A Thermodynamics of Teams: Towards a Robust Computational Model of Autonomous Teams

One of the great puzzles in social science is the failure of rational models of teamwork, a rising concern for Artificial Intelligence researchers. Social learning theory (i.e., rewards and punishments; associations; modelling) works partially with individuals, but not with teams. These theories of methodological individualism, including, but not limited to, game theory, have also failed to advance the field of economics. To address interdependence, the phenomenon central to teamwork, we explain why game theory, the first to study interdependence mathematically, has failed.
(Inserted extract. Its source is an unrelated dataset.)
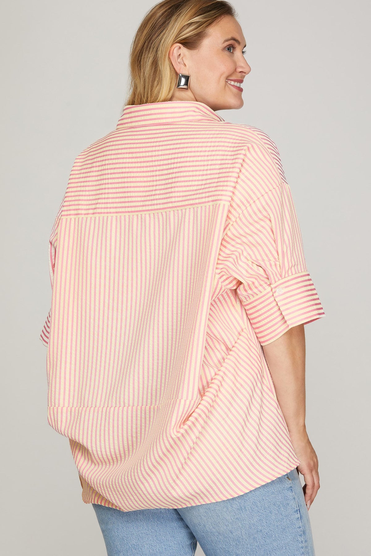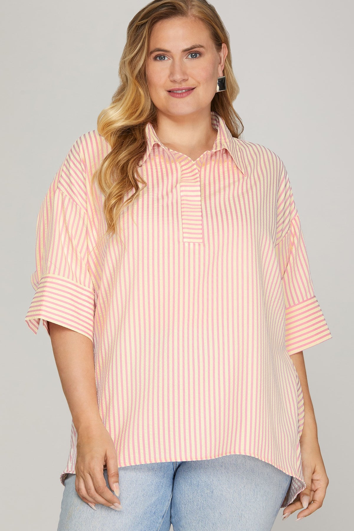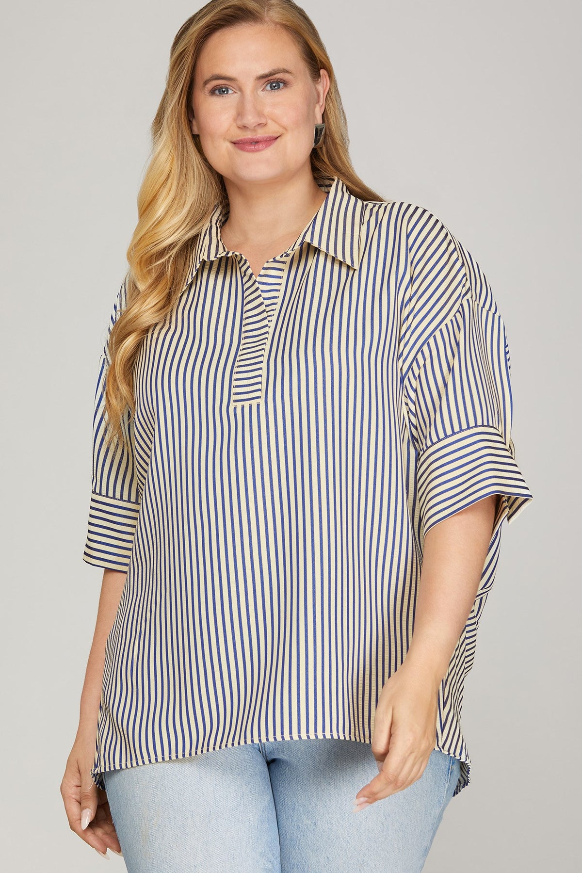 PLUS SIZE SHORT SLEEVE OVERSIZED STRIPED TOP
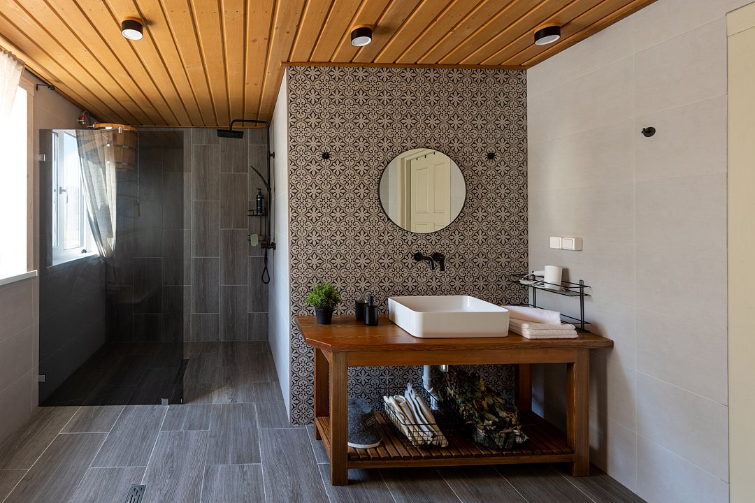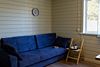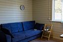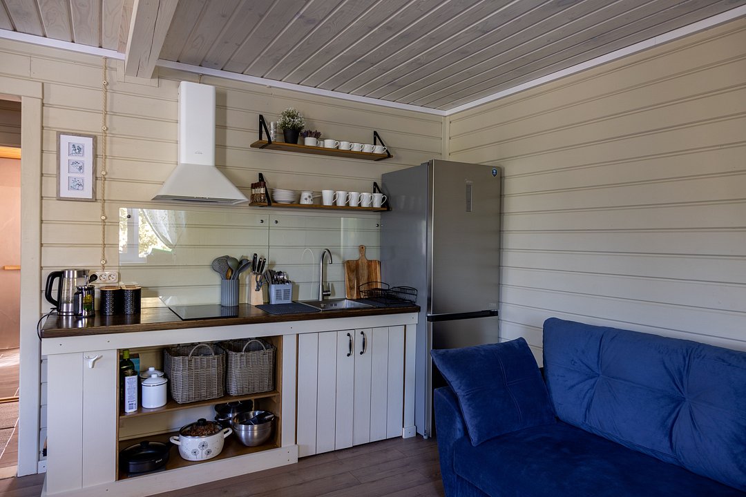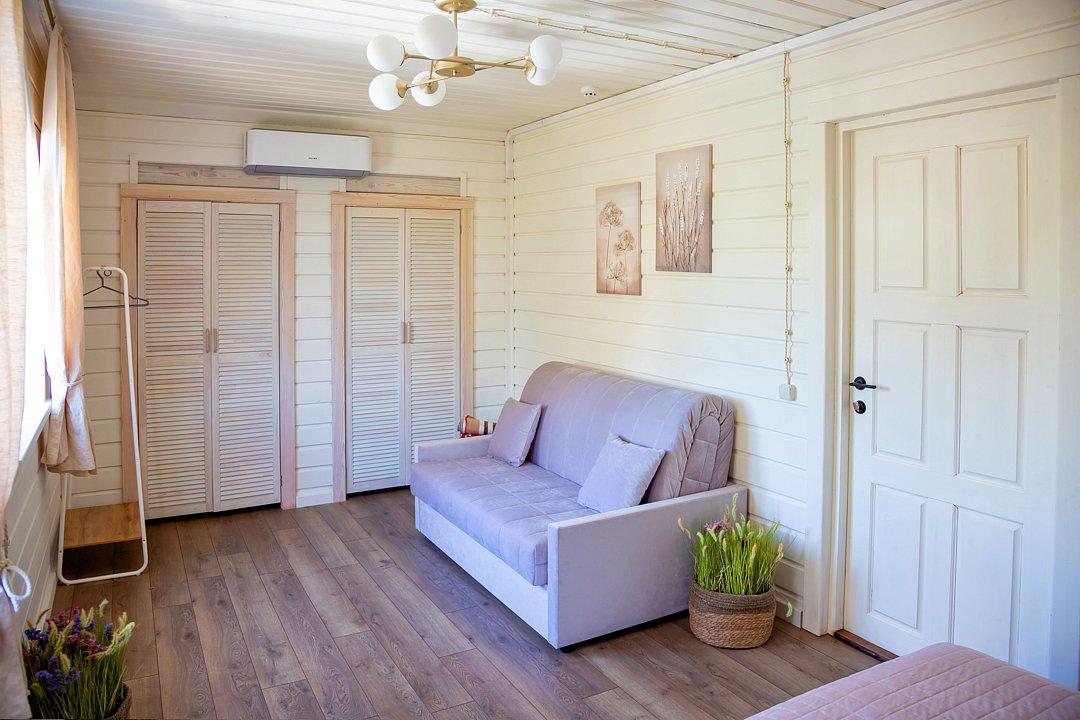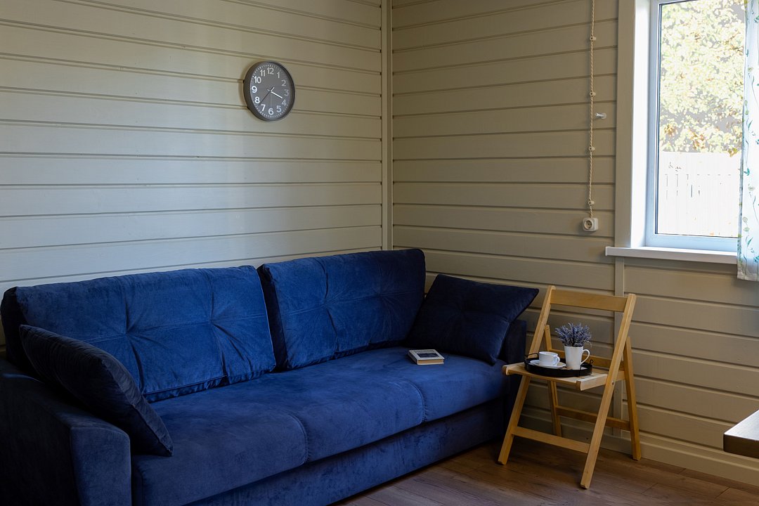Дом идеально подходит для комфортного проживания компании до десяти человек. На первом этаже находится большая светлая гостевая комната с уютным диваном, где можно провести время за общением или просмотром фильмов. Здесь же расположен санузел, что добавляет удобства для гостей.

As an alternative, we offer a non-rational theory composed at this time of three parts: quantum mathematics for interdependence (e.g., interference); biology for population effects; and min-max entropy production as a metric of good and unsatisfactory team performance for humans or artificial agents (with min entropy production as LEP, and maximum entropy production as MEP). We report on three mathematical breakthroughs: First, that the interdependence between an individual’s observations and actions, once measured, breaks the link known as intuition, leading to the measurement problem of incompleteness, accounting for the failure of survey instruments to predict human action; second, that at the team and larger levels of analyses, the ill-effects on min-max entropy production of consensus-seeking rules and authoritarian leadership serve to suppress the search for solutions to the problems that teams work to solve; and third, as a speculation to integrate group decision-making and a team’s emotions: with LEP as a team’s ground state versus a team with internal conflict at an elevated LEP state.